Upgrade vROps to 8.10+ where we have few performance optimizations to mitigate the load on vSAN server while querying disk groups/disks from vSAN.
Workaround:
Option1:
In '/usr/lib/vmware-vcops/user/plugins/inbound/VirtualAndPhysicalSANAdapter3/conf/config.properties'
file change the value of "ENABLE_VM_DISCOVERY"
property 'false',
on EACH node(VM) of vROps cluster.
From vROps UI Stop/Start vSAN adapter instance which monitors the issued vSAN environment.
Please note that config.properties change will affect all vSAN adapter instances, if they are restarted.
Option2:
Note: Once upgraded to 8.10+, navigate to a particular vSAN adapter instance from Integrations, in Advanced settings, there will be an option to disable VM perf data collection. Please see the screenshot below
If the customer keeps running on a lower version of vROps then 8.10 version, they will need to disable vSAN VM discovery from the config property file and they will also miss the "Storage Policy compliance status" property.
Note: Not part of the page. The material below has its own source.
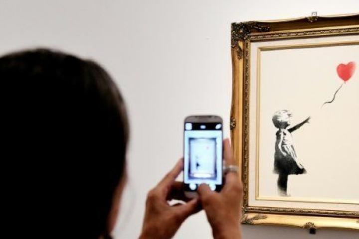 El propio Banksy mostró cómo había instalado una trituradora en el marco que portaba el lienzo con la obraGirl with Ballon,(Niña con globo) y explicó que lo hacía por "si alguna vez fuera puesto en subasta". Una vez vendido, el lienzo se descolgó y se hizo trizas.

However, if they upgrade to the vROps 8.10+ version, this may fix their issue, if not then they also had to disable VM perf data collection from vSAN adapter instance UI configuration and they will only miss one "Percentage of Consumers facing Disk Latency (%)" metric on vSAN Datastore object.
Impact/Risks:
Slowness while loading the vSAN option on the Cluster. Alert "Unable to query vSAN health information. Check vSphere Client logs for details." on vSphere UI page.